I closed my eyes and went to sleep a few minutes later.
The morning after, I woke up to my alarm before I shook Peter awake. After he got dressed in his quick-change costume, we shared a quick kiss before he was out of the window. I closed the window behind him and closed the curtains. I then turned around and leaned back against the window. With him gone, I was already thinking about the mental images I've been getting, and the conversation we had from the night before made me about 80 percent sure that those flashes were pre-Spell memories. So what did it all mean? Did it mean The Spell wasn't all the way successful? Did it mean that I have some resistance to magic? Did it mean that I was going to get my memories back? I sighed as I bowed my head.

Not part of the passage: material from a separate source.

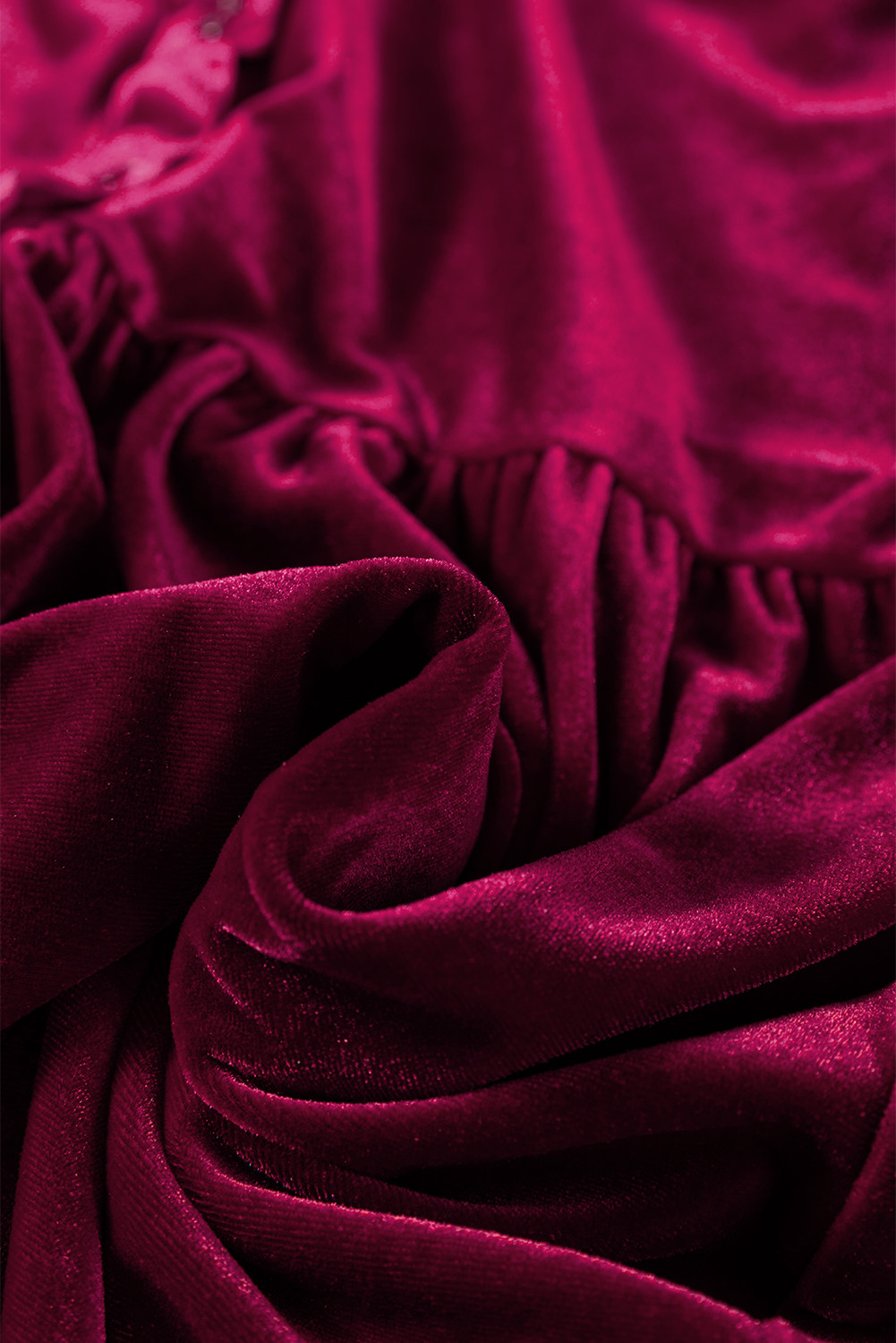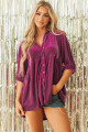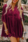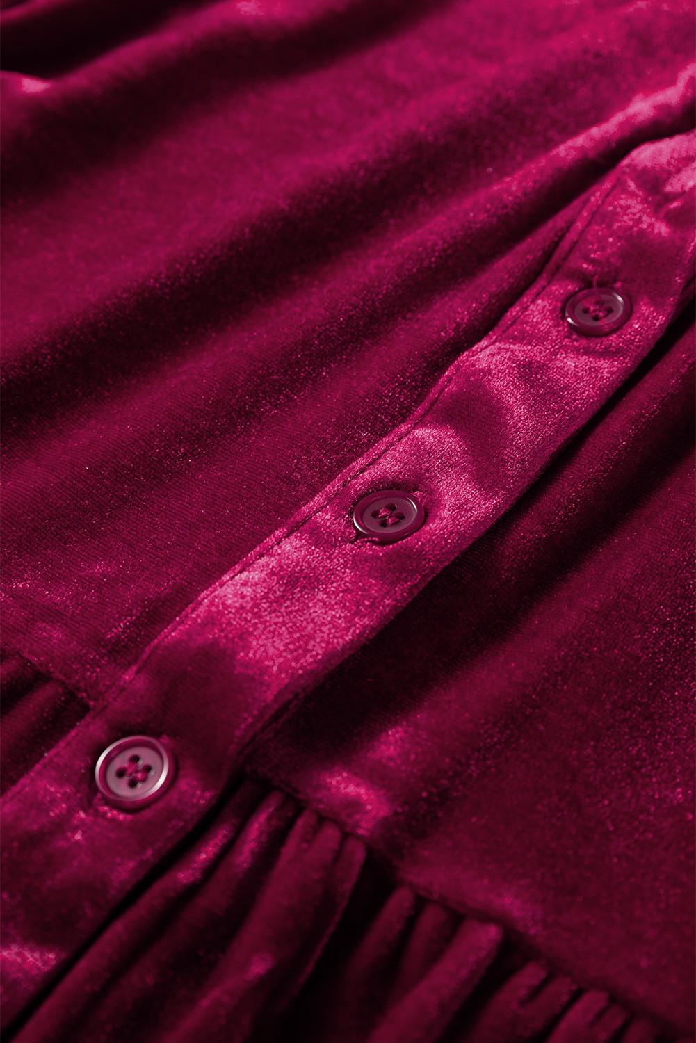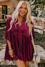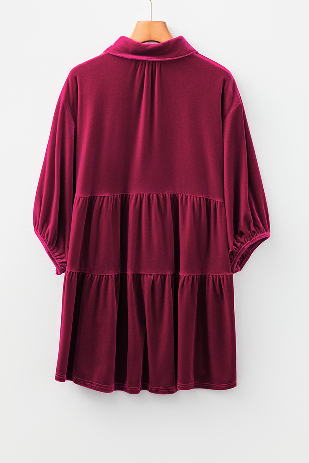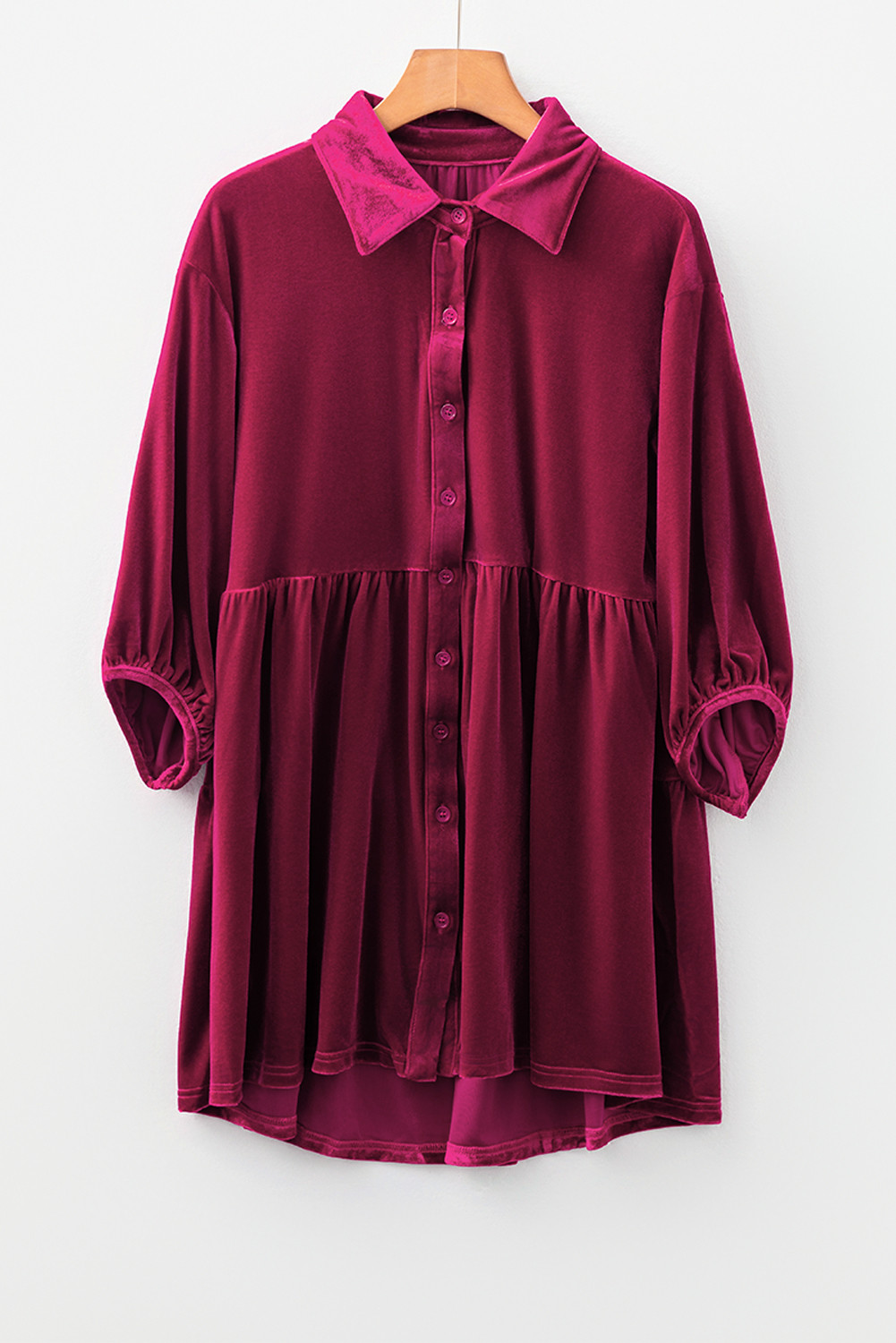 Burgundy 3/4 Sleeve Tunic Babydoll Velvet Shirt
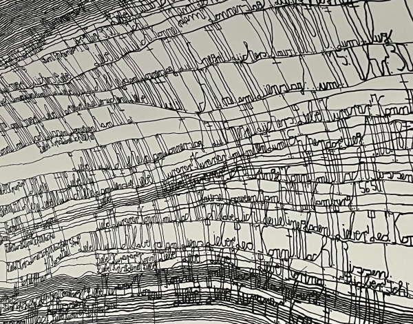 Dans l' »art brut », il est frappant cependant de constater que nombre de ses réalisations révèlent une véritable peur du vide, comme si l’expression devait absolument s’imposer, envahir l’espace. Cette parole intérieure, si impérieuse, semble ne pouvoir émerger qu’à travers une graphie serrée, étouffante, quasi illisible ; puisqu’elle traduit l’in-advenu.

"What can I even do?" I whispered to myself. The only idea I had was to visit Doctor Strange. I didn't want to talk to him at all, though. I was still pissed off at him over what led to The Spell in the first place, and I wasn't sure that I wouldn't spend the beginning of the conversation yelling at him for at least ten minutes straight. The problem was that I didn't know who else to turn to. I pouted. "Why couldn't I just be a student Hogwarts or something? At least then I'd have several options." I started to walk towards the door of my room. "But no. I end up befriending multiple superheroes, a billionaire, and both her daughter and her bodyguard, the only magic user I know is someone I want to kick in the dick." I huffed out a breath as I unlocked the door and opened it. "That is some bullshit."